▶ **Provided material**
- - - -

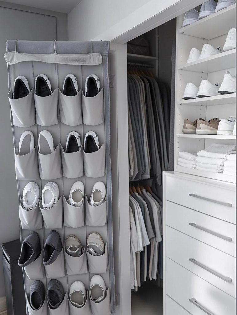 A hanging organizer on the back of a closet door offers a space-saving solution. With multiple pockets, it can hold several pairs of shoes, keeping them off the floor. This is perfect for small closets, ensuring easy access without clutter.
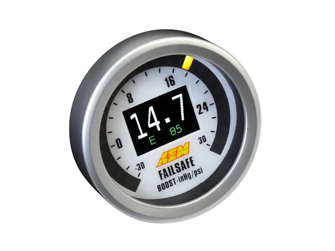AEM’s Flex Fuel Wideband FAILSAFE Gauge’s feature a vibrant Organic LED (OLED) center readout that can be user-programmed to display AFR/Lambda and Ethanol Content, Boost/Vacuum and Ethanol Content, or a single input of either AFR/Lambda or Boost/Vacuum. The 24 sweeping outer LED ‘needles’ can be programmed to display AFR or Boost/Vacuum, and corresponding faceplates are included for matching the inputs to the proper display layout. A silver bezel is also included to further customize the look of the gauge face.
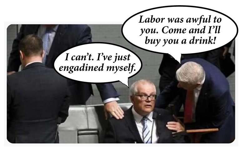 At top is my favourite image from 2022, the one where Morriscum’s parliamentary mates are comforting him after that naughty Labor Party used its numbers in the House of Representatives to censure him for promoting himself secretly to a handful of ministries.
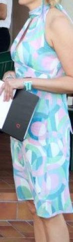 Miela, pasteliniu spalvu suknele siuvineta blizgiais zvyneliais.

- - - -

▶ **Task directions**
For this exercise, repeat word for word only the lines from the one containing "At top is my" through the end of the data, including both. Pictures do not go in the copy.

▶ **Task answer**
 At top is my favourite image from 2022, the one where Morriscum’s parliamentary mates are comforting him after that naughty Labor Party used its numbers in the House of Representatives to censure him for promoting himself secretly to a handful of ministries.
 Miela, pasteliniu spalvu suknele siuvineta blizgiais zvyneliais.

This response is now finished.